### INFORMATION SUPPLIED
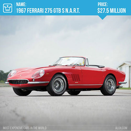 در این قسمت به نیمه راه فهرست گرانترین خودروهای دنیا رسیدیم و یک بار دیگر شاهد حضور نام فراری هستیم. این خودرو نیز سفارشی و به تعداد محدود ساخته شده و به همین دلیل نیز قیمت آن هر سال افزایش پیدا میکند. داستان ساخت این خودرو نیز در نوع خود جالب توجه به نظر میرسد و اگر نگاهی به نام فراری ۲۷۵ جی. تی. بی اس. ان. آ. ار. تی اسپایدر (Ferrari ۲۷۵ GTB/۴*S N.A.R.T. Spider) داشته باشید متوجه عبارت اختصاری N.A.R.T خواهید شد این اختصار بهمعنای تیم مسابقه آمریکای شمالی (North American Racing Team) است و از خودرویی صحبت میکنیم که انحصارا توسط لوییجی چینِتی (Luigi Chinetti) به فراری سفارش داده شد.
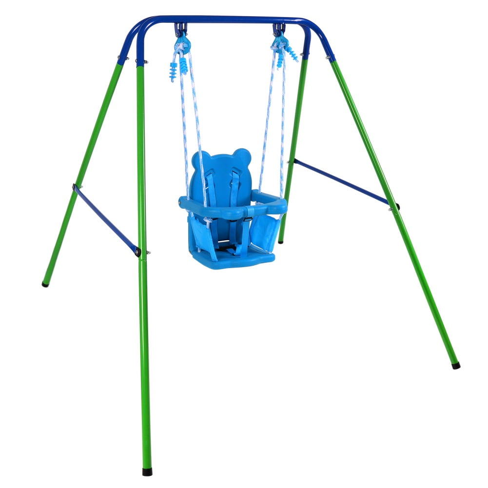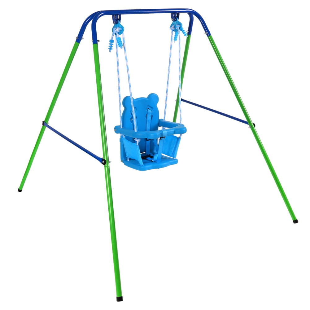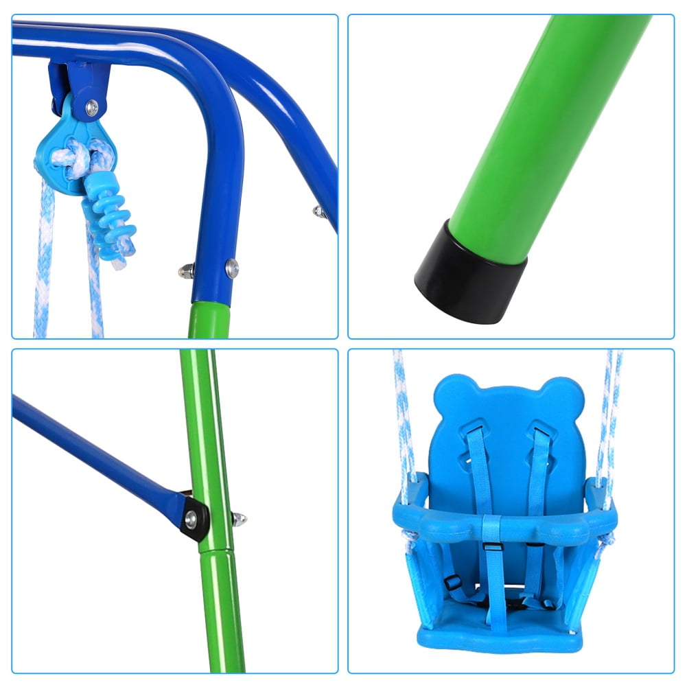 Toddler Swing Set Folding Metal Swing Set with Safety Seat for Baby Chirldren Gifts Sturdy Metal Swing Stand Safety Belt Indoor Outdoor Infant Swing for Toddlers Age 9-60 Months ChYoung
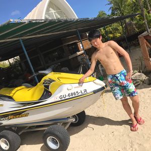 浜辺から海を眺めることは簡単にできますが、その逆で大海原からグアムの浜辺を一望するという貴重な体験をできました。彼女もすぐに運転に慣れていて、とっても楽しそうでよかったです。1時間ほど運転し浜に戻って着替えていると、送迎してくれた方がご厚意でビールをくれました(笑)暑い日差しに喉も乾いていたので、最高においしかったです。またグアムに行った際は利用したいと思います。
######
THE PROBLEM:
Nothing but an exact copy of the data, without pictures, should be returned.

REPLY TO THE TASK:
 در این قسمت به نیمه راه فهرست گرانترین خودروهای دنیا رسیدیم و یک بار دیگر شاهد حضور نام فراری هستیم. این خودرو نیز سفارشی و به تعداد محدود ساخته شده و به همین دلیل نیز قیمت آن هر سال افزایش پیدا میکند. داستان ساخت این خودرو نیز در نوع خود جالب توجه به نظر میرسد و اگر نگاهی به نام فراری ۲۷۵ جی. تی. بی اس. ان. آ. ار. تی اسپایدر (Ferrari ۲۷۵ GTB/۴*S N.A.R.T. Spider) داشته باشید متوجه عبارت اختصاری N.A.R.T خواهید شد این اختصار بهمعنای تیم مسابقه آمریکای شمالی (North American Racing Team) است و از خودرویی صحبت میکنیم که انحصارا توسط لوییجی چینِتی (Luigi Chinetti) به فراری سفارش داده شد.
 Toddler Swing Set Folding Metal Swing Set with Safety Seat for Baby Chirldren Gifts Sturdy Metal Swing Stand Safety Belt Indoor Outdoor Infant Swing for Toddlers Age 9-60 Months ChYoung
 浜辺から海を眺めることは簡単にできますが、その逆で大海原からグアムの浜辺を一望するという貴重な体験をできました。彼女もすぐに運転に慣れていて、とっても楽しそうでよかったです。1時間ほど運転し浜に戻って着替えていると、送迎してくれた方がご厚意でビールをくれました(笑)暑い日差しに喉も乾いていたので、最高においしかったです。またグアムに行った際は利用したいと思います。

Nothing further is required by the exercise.